19 Random sampling in R

International Standard On Auditing - 530 defines30 audit sampling as the application of audit procedures to less than 100% of items within a population of audit relevance such that all sampling units have a chance of selection in order to provide the auditor with a reasonable basis on which to draw conclusions about the entire population. Statistical sampling is further defines as an approach to sampling having two characteristics - random selection of samples, and the use of probability theory to evaluate sample results, including measurement of sampling risk.

Appendix 4 of ISA 53 further prescribes different statistical methods of sample selection. We will discuss here each type of sampling methodology used to sample records for audit.

Prerequisites

Load tidyverse

19.1 Simple Random Sampling (With and without replacement)

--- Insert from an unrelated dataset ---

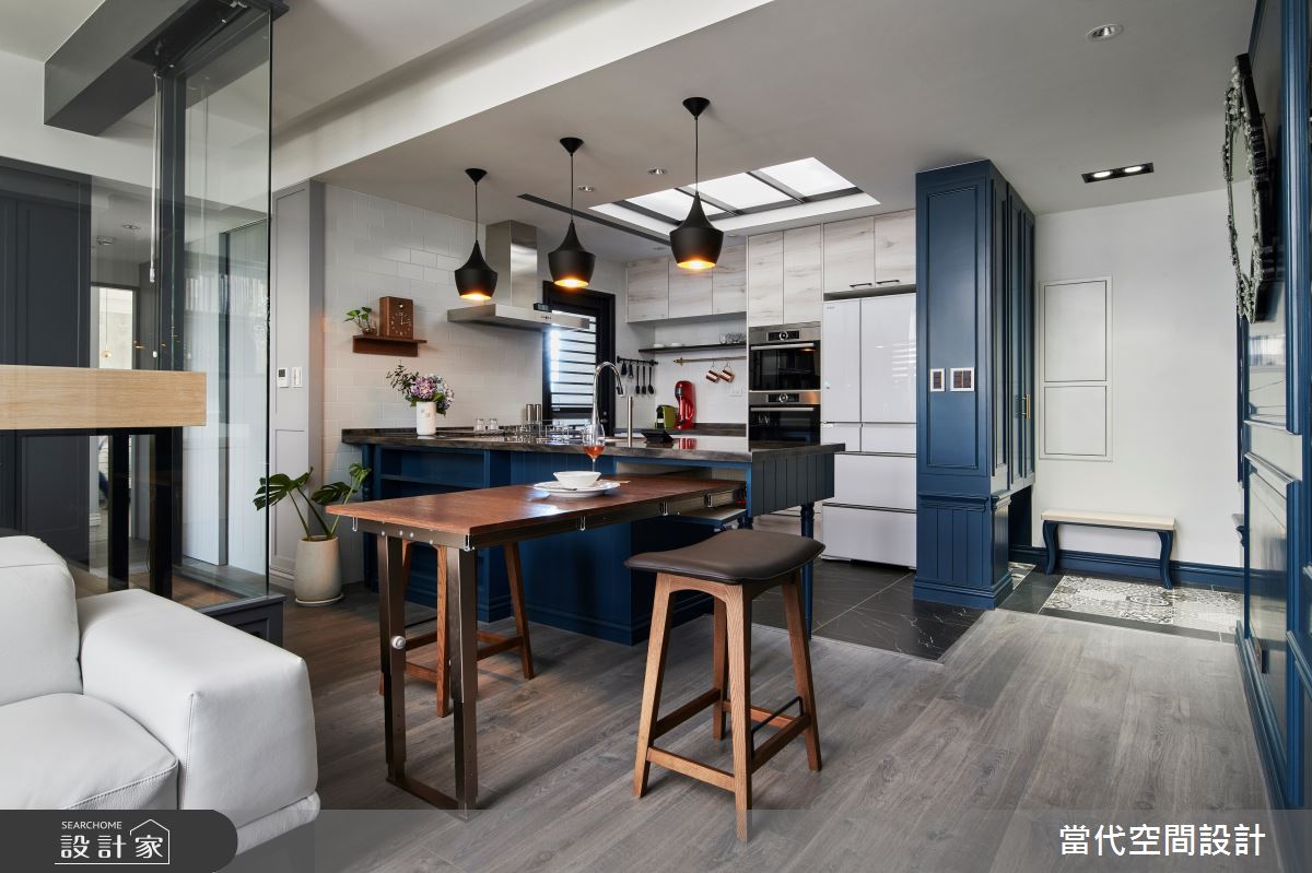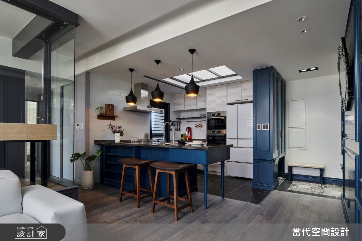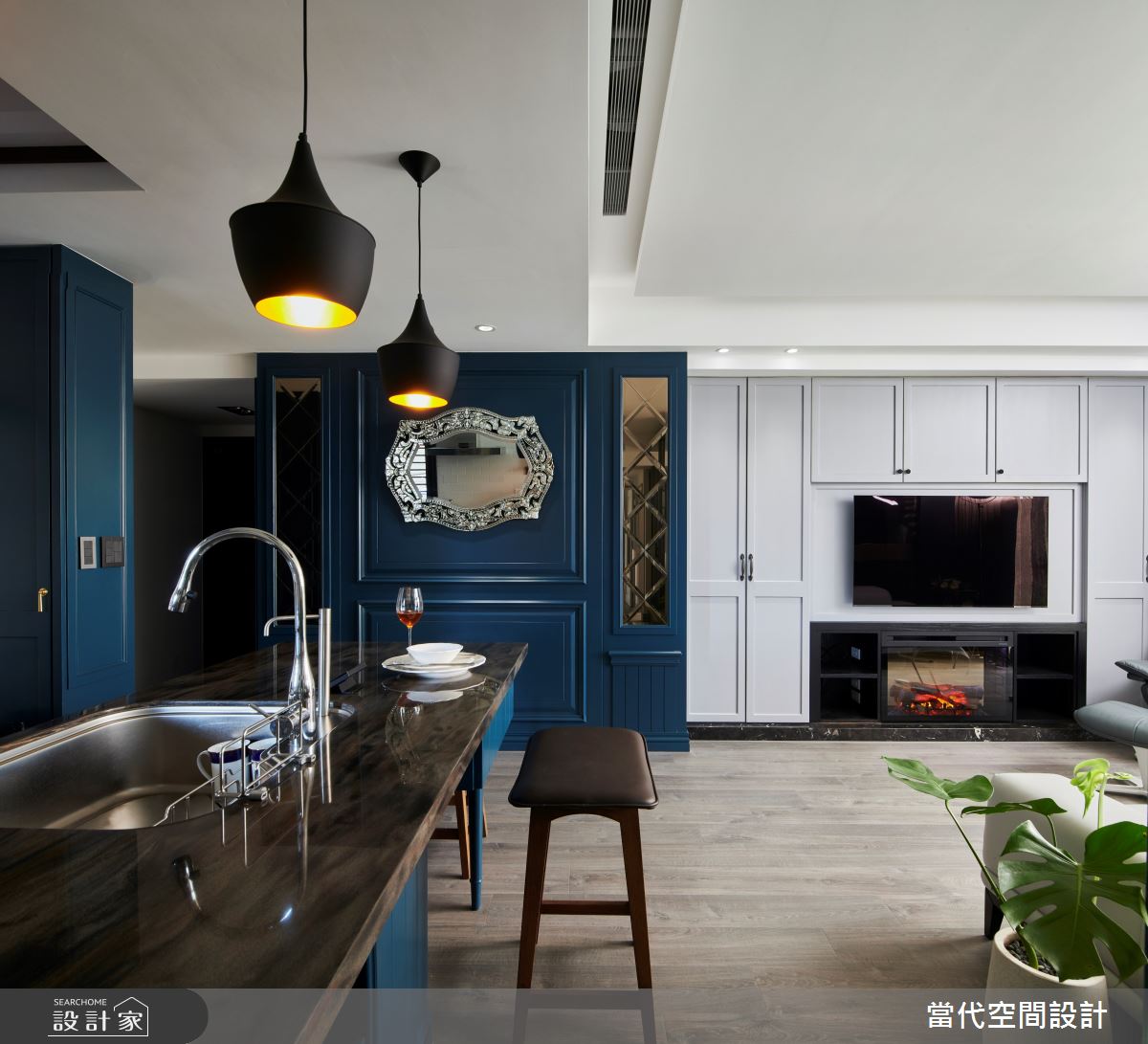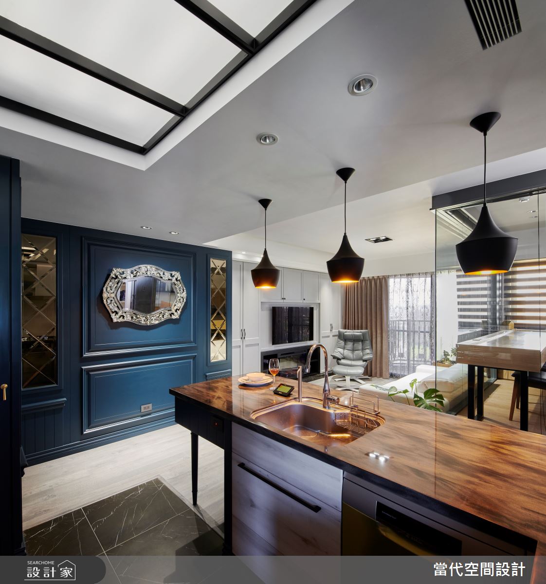 因為原本的三房兩廳的格局顯得空間昏暗窄小,當代設計透過拆除客廳後方一房改為玻璃隔間的半開放書房,令兩廳更顯開闊。玄關黑白花磚與普魯士藍櫃體延伸至廳區為公共空間的古典奢華鋪出序曲,向後退縮的電視牆面施以灰色調與同色系的沙發讓空間感放大,而後方半開放式的書房加大且延伸了公共區域的視覺感,架高設計更是大幅增加了收納量,不僅美觀又兼具實用機能。廚房是屋主非常重視的空間,原本的機能完全不敷使用,因此設計師重新調配空間位置,並以大中島滿足使用需求,再加上隱藏式餐桌,不用去小酒館也能享受餐廳愜意氣氛。

In this method, records are selected completely at random, by generating random numbers e.g. using random number tables, etc. Refer figure 19.1 for illustration. We can replicate the method of random number generation in R. Even the method of random number generation can be reproducible, by fixing the random number seed. Mainly two functions will be used here sample() and set.seed() already discussed in section 4.9. Since sample() function takes a vector as input and gives vector as output again, we can make use of dplyr::slice_sample() function, discussed in section 4.9, which operates on data frames instead.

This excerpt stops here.